Interval normalization (prevent overlapping “current” windows)

I added a second dbt model that compacts windows per user by rebuilding from the event boundaries already stored. This keeps the table clean.

`models/analytics/dim_user_campaign_scd2_normalized.sql`

{{ config(materialized='table') }}

/*
  Normalize windows to ensure:
  - non-overlapping intervals per user
  - only one current row per user
*/

with ordered as (

    select
        user_id,
        campaign_id,
        effective_start_ts,
        effective_end_ts,
        updated_at
    from analytics.dim_user_campaign_scd2

),

dedup_boundaries as (

    select
        user_id,
        campaign_id,
        effective_start_ts,
        -- We recompute ends later using lead
        row_number() over (
            partition by user_id, effective_start_ts
            order by updated_at desc
        ) as rn
    from ordered
    qualify rn = 1

),

sequenced as (

    select
        user_id,
        campaign_id,
        effective_start_ts,
        lead(effective_start_ts) over (
            partition by user_id order by effective_start_ts
        ) as next_effective_start_ts
    from dedup_boundaries

)

select
    user_id,
    campaign_id,
    effective_start_ts,
    coalesce(next_effective_start_ts, to_timestamp_ntz('9999-12-31 00:00:00')) as effective_end_ts,
    effective_end_ts = to_timestamp_ntz('9999-12-31 00:00:00') as is_current,
    current_timestamp() as updated_at
from sequenced

This rebuilds interval ends using lead(effective_start_ts) (the next change boundary).

That’s what made my history robust, even when late events inserted a new boundary “in the middle” of already-loaded intervals.

Observability: how I validated correctness

Because this was about data observability and quality, I didn’t trust the table blindly.
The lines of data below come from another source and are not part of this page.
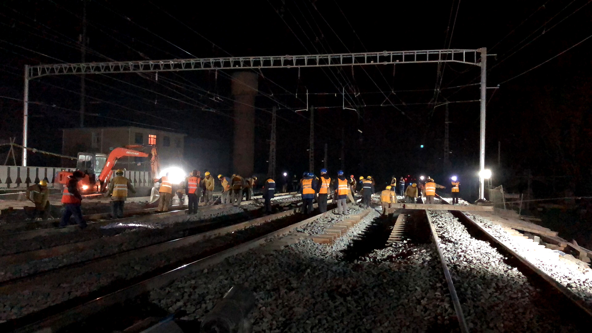 在下穿膠濟鐵路工程施工中,項目部與施工單位克服了地方管線遷改量大、站場改造多專業(yè)交叉作業(yè)、橋涵頂進技術(shù)復(fù)雜、營業(yè)線安全風(fēng)險高、時間緊任務(wù)重等困難,累計鐵路要點257次,先后完成拆除道岔10組,新鋪道岔6組,抽換鋼枕544根,架拆便梁44孔次等任務(wù),高標準的完成了站場改造、橋涵精準頂進等各項施工,為打通鳳凰路南北貫通瓶頸打下了堅實基礎(chǔ)。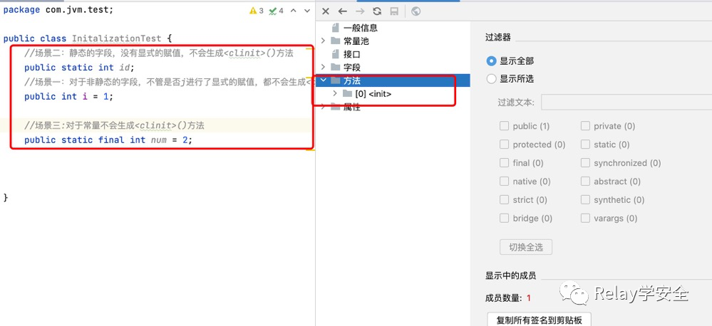 <clinit>这个方法里面执行的就是上面的静态变量以及静态代码块中的代码。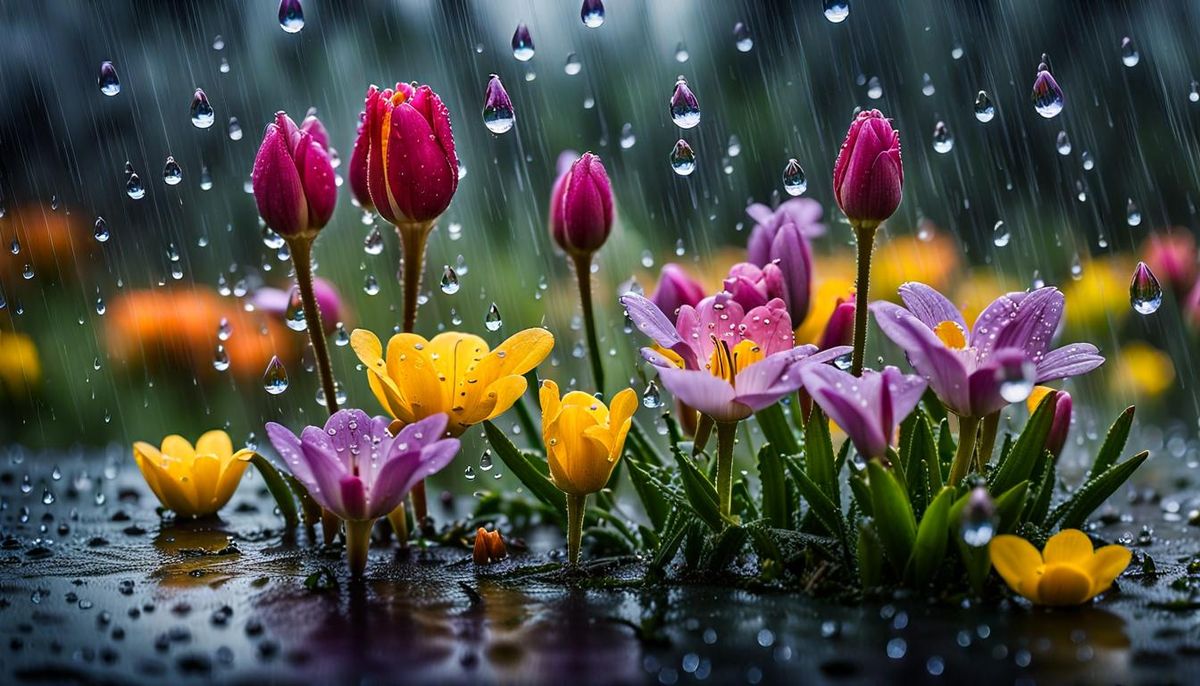 This image shows a vibrant spring day scene after rainfall. Flowers bloom, fauna explore the wet environment, and flora re-emerge with lush foliage, creating a serene atmosphere of renewal.

I added checks:

1) Overlap check (no two intervals should overlap)

with intervals as (
  select
    user_id,
    effective_start_ts,
    effective_end_ts
  from analytics.dim_user_campaign_scd2_normalized
),
pairs as (
  select
    a.user_id,
    a.effective_start_ts as a_start,
    a.effective_end_ts as a_end,
    b.effective_start_ts as b_start,
    b.effective_end_ts as b_end
  from intervals a
  join intervals b
    on a.user_id = b.user_id
   and a.effective_start_ts < b.effective_start_ts
   and a.effective_end_ts > b.effective_start_ts
)
select * from pairs limit 10;

If this returns rows, history windows overlap.

2) Single current row check

select
  user_id,
  count(*) as current_rows
from analytics.dim_user_campaign_scd2_normalized
where is_current = true
group by user_id
having count(*) <> 1;

Data quality tradeoffs I ran into

The biggest practical constraint was event time granularity:

If multiple events land with the same event_ts but different campaign derivations, SCD2 can’t decide ordering without a tie-breaker.
In my pipeline, I used source_system and deterministic deduplication keys, then normalized afterward.

The other lesson: incremental filters should be based on loaded arrival (so late data is processed), while the SCD boundary logic should be based on event time (so the history is correct).

Conclusion

I built an event-time SCD Type 2 “merge” for late arriving clickstream attribution in dbt on Snowflake by splitting windows at the event timestamp that actually occurred, not the time it arrived. Then I added interval normalization to guarantee non-overlapping effective ranges and a single current row per user. The result was a history table that stays correct even when backfills insert new boundaries into already-loaded timelines—exactly the kind of data engineering detail that prevents subtle AI downstream bugs.